Within days, May and Darren are having rowdy afternoon sex themselves, in Bobby’s sunny “spare room.” While Darren may be having yet another adventure, for May, the experience is life-changing. Aside from her emotional relief (“I thought nobody would ever touch me again, apart from the undertaker”), she’s enraptured by the physical sensations of un-missionary sex. Darren is perpetually adolescent, angry and awkward: he plays air guitar, drinks and takes whatever pills he happens on (asked why, he shrugs, “I don’t know”).
On their first outing, shortly after Toots’ death, he takes May to a cemetery (and apologizes as they arrive a the gate, after suggesting she will like his surprise: “I wasn’t thinking!”). He wonders aloud at May’s confession that she feels afraid to go home and be alone. “I imagined people getting less frightened as they got older,” he smiles, charmingly but also a bit dumbly, given her recent loss.

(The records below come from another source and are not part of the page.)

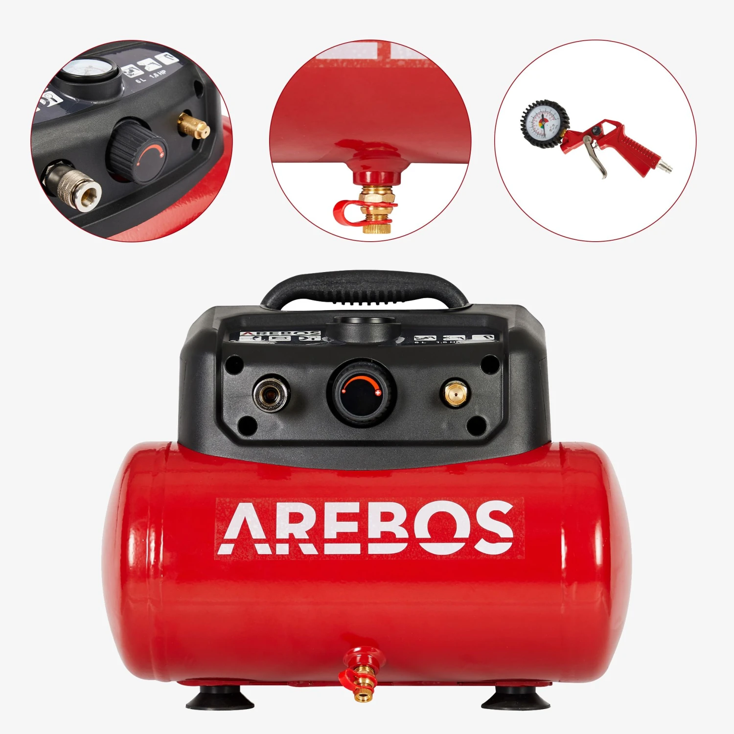 Der AREBOS 6 Liter Druckluftkompressor ist ideal geeignet zum Erzeugen von Druckluft für druckluftbetriebene Werkzeuge, wie beispielsweise Aufblaspistolen und Reifenfüller.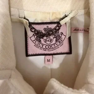 Juicy Couture Wool Blend Coat Size Medium Ivory Belted Button Front Classic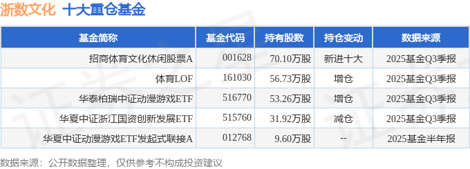 持有浙数文化最多的基金为招商体育文化休闲股票A,目前规模为2.16亿元,最新净值1.864(10月27日),较上一交易日下跌0.37%,近一年上涨24.52%。该基金现任基金经理为文仲阳。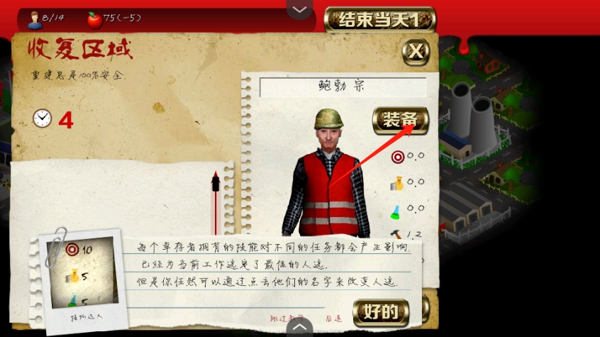 2、點擊裝備按鍵,可給角色配備合適的裝備,提升角色在收復(fù)區(qū)域、執(zhí)行任務(wù)能力。

At the same time, Darren attends to her, wants to please her, jokes with her, and appreciates her attention as well (she gives him a book of artists’ sketches, and he’s pleased that she thinks she might appreciate such grace). It’s not long before May begins to see Darren as a sort of savior, or at least an attentive, sensitive romantic partner, someone who cares for her and wants to commit, enticed at least in part by the fact that she has a bit of money saved up.
Written by Hanif Kureishi (My Beautiful Laundrette) and directed by Roger Michell (Notting Hill), The Mother is fraught with conflicting desires and frustrations. May’s new sense of self and awakened sexuality are startling, not least of all to her: she scrubs Paula’s floors while singing “Space Oddity” to herself, in a small, almost surprised voice. But she also can’t help but make order out of her new feelings, fitting them within her own experience and expectations; she imagines Darren will go away with her, leaving his wife, his child, her own daughter.

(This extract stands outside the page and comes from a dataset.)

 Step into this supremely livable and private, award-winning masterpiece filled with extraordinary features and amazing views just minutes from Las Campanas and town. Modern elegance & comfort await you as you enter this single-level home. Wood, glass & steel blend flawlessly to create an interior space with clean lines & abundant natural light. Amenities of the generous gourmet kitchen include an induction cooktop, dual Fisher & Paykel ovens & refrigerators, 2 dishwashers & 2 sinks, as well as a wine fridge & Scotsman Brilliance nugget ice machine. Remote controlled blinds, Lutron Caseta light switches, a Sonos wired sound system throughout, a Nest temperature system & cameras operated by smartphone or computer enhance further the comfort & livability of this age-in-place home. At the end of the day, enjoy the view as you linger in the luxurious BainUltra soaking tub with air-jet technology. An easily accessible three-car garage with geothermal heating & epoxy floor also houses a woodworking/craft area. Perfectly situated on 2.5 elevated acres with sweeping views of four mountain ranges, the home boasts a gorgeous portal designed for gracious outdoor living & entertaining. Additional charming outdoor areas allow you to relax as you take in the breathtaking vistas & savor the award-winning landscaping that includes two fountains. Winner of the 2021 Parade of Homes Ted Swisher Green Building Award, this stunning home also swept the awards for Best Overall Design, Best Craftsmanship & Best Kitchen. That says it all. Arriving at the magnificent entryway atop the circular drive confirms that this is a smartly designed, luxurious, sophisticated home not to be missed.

The film delicately reflects May’s shifting sensibilities, revealing her point of view (at a distance, across traffic, through doors barely opened), and framing her, as she steps forward into her own life, in doorways, windows, and mirrors. The first sex scene begins in an out-of-focus rush, set against empty walls and sheets that are almost too white, suggesting at once her self-abandonment and self-discovery. As they develop their secret relationship, she’s caught between Darren and Paula more often, or observing them interact as a “couple.”

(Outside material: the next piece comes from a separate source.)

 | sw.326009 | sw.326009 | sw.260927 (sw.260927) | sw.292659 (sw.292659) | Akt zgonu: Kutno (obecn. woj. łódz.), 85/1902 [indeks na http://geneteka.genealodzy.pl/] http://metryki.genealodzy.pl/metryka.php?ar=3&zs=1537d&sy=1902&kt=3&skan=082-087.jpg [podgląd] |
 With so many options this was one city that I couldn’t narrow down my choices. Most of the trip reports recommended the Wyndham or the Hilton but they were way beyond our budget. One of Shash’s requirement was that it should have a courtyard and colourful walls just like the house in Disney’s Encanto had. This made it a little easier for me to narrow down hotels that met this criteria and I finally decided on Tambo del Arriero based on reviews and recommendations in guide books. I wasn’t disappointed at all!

Even as they must keep their trysts hidden from her children, Darren and May also seem to beg to be found out; she leaves her drawings of their sex acts on a table to be discovered; he agrees to dinners with Paula and May, kissing Paula (or allowing himself to be kissed, ravenously, for of course Paula knows) as May watches, such that juggling his related lovers becomes perversely thrilling if, at the same time, nerve-wracking.
The wrongness of the relationships in The Mother — all of them, really — has as much to do with the selfishness as the occasional generosity of the players. The film doesn’t judge them so much as it lets them run amok, careening until they must collide. Still, the camera remains austere, careful, even patient. It’s this distinction, between image and act, or frame and emotion, that remains most difficult.